Правда, мы тем самым из одной трудности оказались вброшены в другую. Мыслить существование как противоположность Ничто — значит, по-видимому, допускать, что само Ничто мыслимо. Но уже давно было констатировано, что у нас нет какого-либо понятия Ничто. Не довольствуясь этой непосредственной очевидностью, некоторые философы посчитали нужным дать нам как бы коснуться ее пальцем. Как ни расценивать полезность такой попытки, вывод из нее остается неоспоримым: Ничто не поддается концептуализации. Философ, говорящий по-французски, никогда и не усомнился бы в этом: так как Ничто, rien, происходит от rem [винит, падеж от лат. res — вещь], т. е. нечто, то сказать, что χ η 'est rien — значит сказать, что χ не есть нечто. Так что мы не только не мыслим сущее посредством Ничто, но, скорее, Ничто мыслим посредством сущего. Согласимся с этим. Но и после того, как всё сказано, остается незатронутым вопрос: означает ли тот факт, что Ничто нельзя концептуализировать, что его нельзя мыслить?
Прежде всего ясно, что абсолютное Ничто вовсе не поддается концептуализации, по крайней мере в том смысле, что оно остается неопределенным. С этим утверждением соглашаются все философы — соглашаются, конечно, не чрезмерно, но чрезмерно легко. Когда начинаешь внимательнее вглядываться в их доводы, то довольно скоро убеждаешься, что для подавляющего большинства философов невозможность мыслить Ничто заключается на самом деле в невозможности его представить. Очевидно, что в этом смысле Ничто мыслить нельзя, и мы несомненно согласимся с утверждением Спенсера в «Основных началах» (ч. II, гл. 4), что невозможно вообразить несуществующее тело именно как несуществующее. Как только мы его себе представляем, мы его мыслим как существующее. Совершенно верно. Однако остается одно затруднение. Высказывание «x не существует» несомненно имеет смысл, причем отличный от смысла высказывания «х существует». Поэтому мы должны иметь возможность познать то самое, что не могли бы представить. Но так как представление остается для нас наиболее явным признаком акта познания, философы, как правило, эксплицируют наше понимание небытия некоторого сущего, подменяя представление об «ином» представлением о сущем, которое мыслится несуществующим.

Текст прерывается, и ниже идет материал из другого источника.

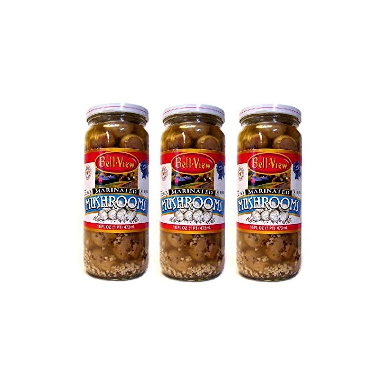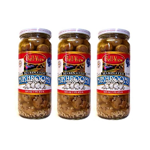 Bell View Gourmet Fancy Marinated Mushrooms Packed in Olive Oil & Garlic (3 Pack) 16 oz Jars
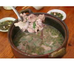 含蛋白质、脂肪、维生素外,还含有大量磷酸钙、骨胶原、骨黏蛋白等。汤粉面做法中的营养;骨汤味甘、咸,入脾、胃经,有补脾气、润肠胃、生津液、丰机体、泽皮肤、补中益气、养血健骨的功效。儿童经常喝紫金八刀汤粉面骨头汤,能及时补充人体所必需的骨胶原等物质,增强骨髓造血功能,有助于骨骼的生长发育,成人喝可延缓衰老。
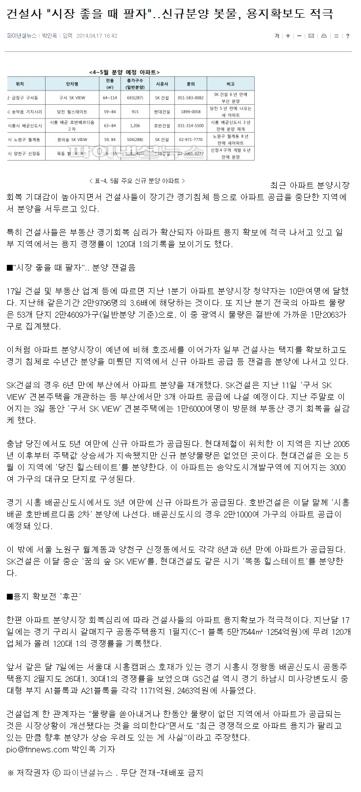 °Ç¼³»ç "½ÃÀå ÁÁÀ» ¶§ ÆÈÀÚ"..½Å±ÔºÐ¾ç º¿¹°, ¿ëÁöÈ®º¸µµ Àû±Ø
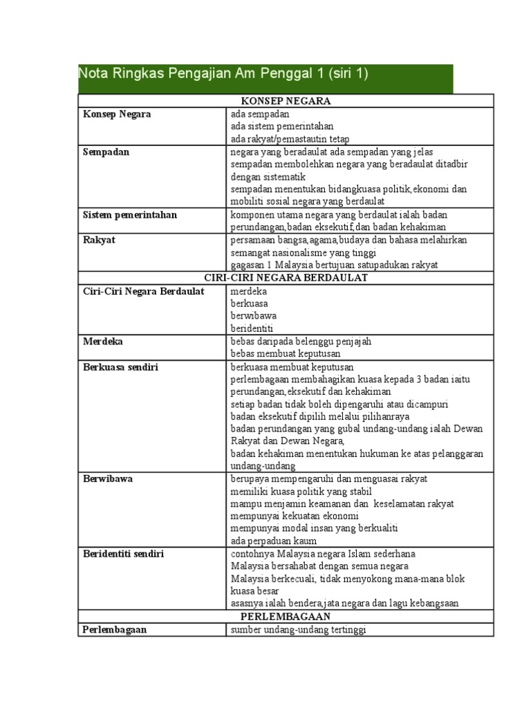 Nota Ringkas Pengajian Am Penggal 1

Так мышление Ничто остается мышлением сущего; но это уже мышление «иного», которое, по учению Платона, есть небытие «тождественного». Подменить некоторое сущее «иным» сущим — значит обратить его в Ничто. Но иное, о котором идет речь, может быть одним и тем же, которое мыслится разными способами. Прежде всего, если Ничто — это пустота, то возможно представить себе рамки, определяющие границы пустоты. Именно так мы обычно мыслим яму, воображая ее края. Сказать, что «в буфете ничего нет», — значит представить себе открытый буфет, где видна лишь задняя стенка и полки. Как говорит один современный логик, комментируя Спенсера, «когда мы утверждаем несуществование некоторой вещи, наша мысль, если у нас она есть, — это мысль не о вещи, а о пустом окружении, где вещь могла бы быть»[1074]. Никто не спорит, что часто мы именно так представляем себе небытие некоторой вещи; но из того, что мы представляем его таким образом, еще не следует, будто таково наше знание этого небытия. Познавать небытие некоторого содержимого — не значит воображать реальность его возможного содержащего, ибо в таком случае содержимое не существует, но содержащее существует. Существование b не есть несуществование а; знать, что буфет есть, не значит знать, что хлеба в нем нет; и указать, какими образами сопровождается отрицательное экзистенциальное суждение, не значит прояснить саму природу этого суждения.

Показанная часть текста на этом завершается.